The Night Parade(20)
“We go straight to the car,” David said, gripping the doorknob. He already had the car keys in his other hand at the ready. “Go to the driver’s side and then slide over. You understand? I don’t want you separated from me and going around to the other side of the car. Not for a second.”
Ellie nodded, her expressive eyes mostly shaded by the brim of her ball cap.
“Okay,” he said, licking his lips. “Okay. Okay.”
He swung the door wide and charged out into the daylight. Somewhere off to his right, the sobbing woman made a hitching sound, then went instantly silent. David didn’t want to look, but he couldn’t help himself—he stole a quick glance over his shoulder just as the woman was turning to look at him. The back of her T-shirt had ridden up, exposing a single pale buttock. There was an ugly bruise there, mean and purple with a greenish border. Glancing up at her face, David could see the blood spilling from her nose and mouth, black as motor oil. Her eyes possessed the distant gaze of the legally blind.
David yanked the car door open. “Go,” he said to Ellie, shoving her forward with one hand. “Get in.”
Ellie quickly got into the car, the suitcase banging against the door frame, careful not to crush her shoe box.
“Hey,” the woman said, her voice so unexpectedly calm, almost childlike, that it caused David to look in her direction again.
She stood facing him, her head cocked curiously at an angle now. Despite the blood that trickled from both nostrils and spilled down over her chin, hers was an expression of utmost serenity. Yet there was the foggy detachment in her eyes that immediately chilled David to the core, reminding him of Deke Carmody’s similarly detached stare. It was as if she was looking right through him and at something visible only to her on the horizon.
“Hey,” she said again . . . and took a step in his direction. A bare foot scrudded over blacktop gravel. In the motel room behind her, the drapes over the window twitched.
“Daddy,” Ellie said from inside the car.
“Please,” the woman said. “Wait a minute. Please . . .” There was agony in her voice now.
David shook his head. “I’m sorry,” he said.
“I need help.” She took another step toward him. “I’m hurt. I need help. He won’t . . . he won’t . . .” She glanced briefly over one shoulder, at the window where the drapes continued to twitch and move. For a second, a man’s wide, ghost-white face peered out before receding back into the darkness a moment later. David had time to glimpse a brutish, Cro-Magnon forehead and dark rodent eyes.
David switched his gaze back to the woman. He shook his head. “I’m sorry.”
“Daddy,” Ellie said again. She was leaning halfway out of the open door, watching the woman.
“Please,” the woman said, the word whining out of her as she proceeded to sob again.
David quickly got into the car and immediately slammed the door.
“Daddy, what’s—”
The woman was at his window before he got the key in the ignition. Ellie cried out, startled.
“Please!” the woman shouted on the other side of the glass. When she slammed one palm against the window, David jumped and Ellie let out a strangled whimper. “I need help! Why won’t you help me?”
“Daddy—”
“Please!”
David threw the car in Reverse and stomped on the accelerator. The Olds lurched backward, jerking David’s head on his neck. Sharp, hot pain blossomed at the base of his head. David spun the wheel until the tires squealed and the whole car seemed to groan in protest. Then he dropped it into Drive. The car shuddered before its tires found purchase on the asphalt. David sped straight across the parking lot, daring to glance up at the rearview mirror only once.
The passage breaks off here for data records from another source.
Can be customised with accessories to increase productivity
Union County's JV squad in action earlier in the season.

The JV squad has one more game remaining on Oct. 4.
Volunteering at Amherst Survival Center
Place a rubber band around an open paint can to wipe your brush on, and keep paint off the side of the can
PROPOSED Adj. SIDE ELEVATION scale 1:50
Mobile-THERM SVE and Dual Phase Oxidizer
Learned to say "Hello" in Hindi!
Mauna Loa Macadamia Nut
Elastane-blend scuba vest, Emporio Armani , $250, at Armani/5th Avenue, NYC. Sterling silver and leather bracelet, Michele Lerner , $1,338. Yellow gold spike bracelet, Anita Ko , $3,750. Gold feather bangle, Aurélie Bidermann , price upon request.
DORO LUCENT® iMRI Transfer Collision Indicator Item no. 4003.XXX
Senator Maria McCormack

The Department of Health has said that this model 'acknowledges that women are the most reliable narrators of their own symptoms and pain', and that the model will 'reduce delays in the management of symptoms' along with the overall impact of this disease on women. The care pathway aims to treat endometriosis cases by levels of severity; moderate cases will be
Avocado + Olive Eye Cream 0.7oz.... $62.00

The woman had collapsed to the pavement and was rapidly shrinking as he put distance between them.
11
They had driven several miles before David realized he had the duffel bag in his lap, wedged between himself and the steering wheel, making it difficult to steer.
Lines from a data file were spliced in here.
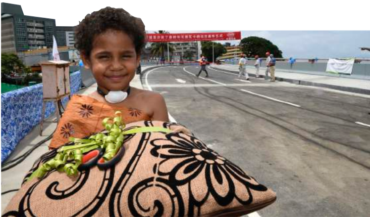
The new bridge at Stinson Parade in Suva.

FIJIANS TO BENEFIT FROM NEW LEGAL AID OFFICES (March 28) CLOSE to 40, 000 Fijians will enjoy the services offered the by the Legal Aid Commission after the opening of 11 Legal Aid Offices around the country. During the opening of the Legal Aid’s Korovou office, Prime Minister Voreqe Bainimarama said Fijians will access services such as witnessing documents like birth certificates, academic transcripts and so on, dealing with landlord and tenant related issues, drafting wills and helping with probate matters. Officers have the expertise to help guide clients more easily than ever before, wield the tremendous power of the rule of law for your benefit and the benefit of your families. Government has invested close to $8.4million for the setting up of this Legal Aid Commission around the country.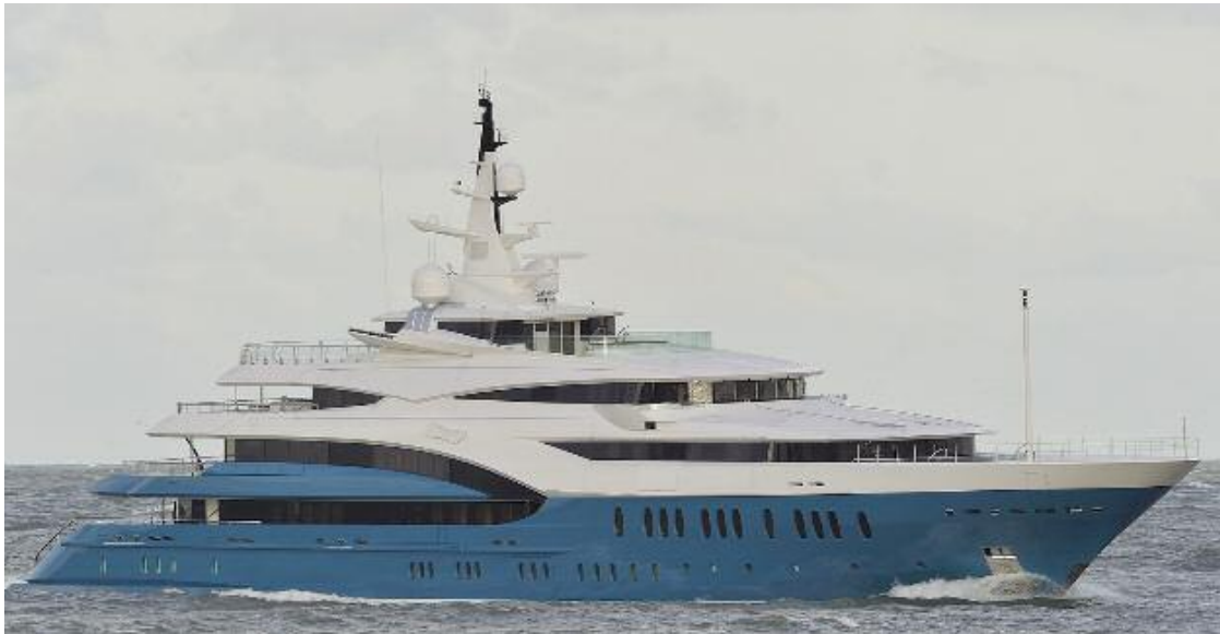
OCEANCO's latest newbuilding (Yard number 705) is named SUNRAYS seen above during trials off Hoek van Holland

Over the past few years, Chinese spy ships have often appeared around Taiwanese waters. Taipei has requested to buy diesel-electric submarines from the United States, but they were not included in a US$6.4 billion weapons package for Taiwan announced by the Obama Administration last Friday. Source : Taiwan News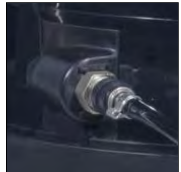
Quick Release Cleaning Liquid Connector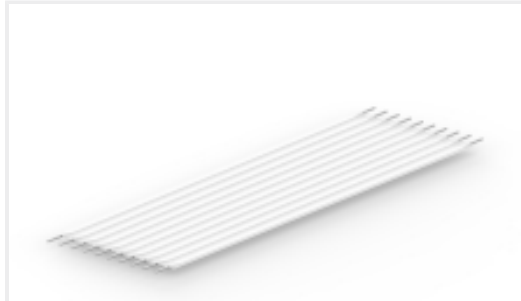
TE Part #5-1447185-5 FSN-21A-9A=JUMPER NOMEX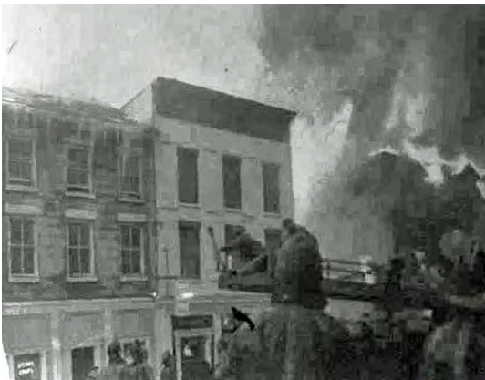
Lower Right: After fire and first Oneida Bank one-story infill building with truncated Alberts, left, after fire. 1970s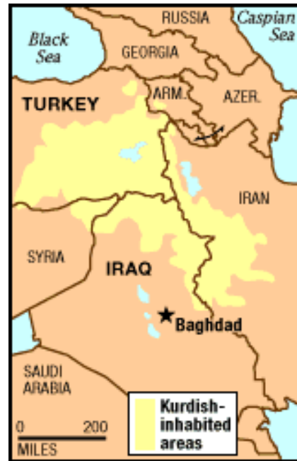
THE WASHINGTON POST

generally known as Kurdistan , "Land of the Kurds," although Kurdistan is not a sovereign nation. 15 million to 20 million Kurds live in a mountainous area straddling the borders of Armenia, Iran, Iraq, Syria and Turkey. About 8 million live in southeastern Turkey. Because the Kurds are an ethnic minority in the countries that they live in, they are often face discrimination and hatred.

“Help me with this,” he said, shoving the duffel bag over his shoulder and into the backseat. Ellie reached over and lent some assistance without uttering a sound. Once his heartbeat slowed, David eased up on the accelerator and glanced over at his daughter.
She was staring at him, her face emotionless. Based on the whimpering sound she had made as they fled the parking lot, he assumed she’d been crying, but she wasn’t. She was stoic. Unmovable. He felt colder for looking at her.
“Are you okay?” he said.
Her eyebrows ticked together, a movement so subtle it was nearly undetectable. She glanced toward the windshield.
“Ellie?” he said.
“Why didn’t you help that woman?” She was sitting ramrod-straight in the passenger seat, which looked very unnatural to David. As if she might launch herself at the windshield at any moment.
“There was nothing I could do.”
“She was hurt. She was bleeding.”
“I saw, Ellie.”
They merged onto the highway. David felt about as conspicuous as someone driving around with a missile strapped to the roof of his car, even with so few vehicles on the road. When he looked to his left, he noticed the woman’s bloody handprint on his window, stark as an accusation. He quickly rolled the window down, flooding the car with a cool wind.